The invention discloses a method for constructing a myelodysplastic syndrome progress gene prediction model, which comprises the following steps: collecting samples of three groups of patients, extracting DNA and sequencing to obtain a gene mutation spectrum and mutation frequency; the mutation frequency of each gene was divided into four modules according to the following criteria: module 1: the gene mutation rate is in an ascending trend in each group; and (3) module 2: the gene mutation rate is in a descending trend in each group; and a module 3: the mutation frequency of the gene in the high-risk MDS group is lower than that of the gene in the low-risk MDS group, and the mutation frequency of the gene in the MDS-AML group is highest; and (4) module: the mutation frequency of the gene in the high-risk MDS group is higher than that of the gene in the low-risk MDS group, and the mutation frequency of the gene in the MDS-AML group is the lowest; the genes that are included in these four modules are MDS progression-associated genes; and training by using an SVM classifier model to complete the construction of the model. The invention can predict the disease progress from molecular level, to obtain accurate prediction.

Description

Method for constructing myelodysplastic syndrome progress gene prediction model
Technical Field
The invention relates to a method for constructing a myelodysplastic syndrome progress gene prediction model.
Background
Myelodysplastic syndrome (MDS) is a common group of hematological malignancies resulting from the clonal proliferation of myeloid hematopoietic stem and progenitor cells. The development of MDS is well recognized as a multistep process, including a prophase of MDS, a phase of MDS, and a secondary phase of MDS with leukemia. Its development is related to the dysregulation of the bone marrow microenvironment, an additional driving mutation, and the gradual acquisition. In this multi-step process, several mutations with selective advantage are obtained multiple times so that these dominant cell populations with the same mutation continue to expand.
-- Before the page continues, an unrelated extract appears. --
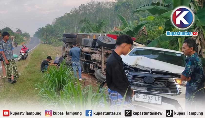 Truk Hantam Dua Mobil Innova di Way Kenanga Tubaba, Dua Orang Tewas

The current clonal evolution process is divided into a linear progression mode and a branch progression mode. The linear evolutionary pattern is characterized by the continued emergence of dominant clones from their ancestral clones that continue to expand their ancestral clones after additional mutations are obtained. The hallmark of the pattern of branching evolution means that different subclones from a common ancestral clone occur simultaneously or sequentially, resulting in the co-existence of related (sub) clones containing a partially overlapping set of mutations. The complex genetic diversity between these subclones may lead to more complex disease types and may lead to treatment resistance, as some subclones may be resistant to a particular type of treatment.
Several mutant genes are currently being found in studies directed to genomic features at various stages of MDS progression. However, it should be emphasized that the results obtained from each experimental group are not identical due to tumor heterogeneity, differences in patients in the group, differences in sequencing methods, and complex interrelations between genes. Furthermore, the relationship between upstream and downstream genes, the co-existence and mutual exclusion of genes, and the stromal cells and immune cells in the patient's bone marrow microenvironment may affect the patient's overall condition, making prediction of MDS difficult and uncertain.
Disclosure of Invention
According to the method, the differential mutant genes of the patients in the low-risk MDS, the high-risk MDS and the AML group related to the MDS are compared, the SVM is selected as the optimal machine learning classification model, the progress condition of the MDS is predicted, the myelodysplastic syndrome progress gene prediction model is constructed, and clinical guidance is provided for selection of subsequent treatment strategies and disease prediction.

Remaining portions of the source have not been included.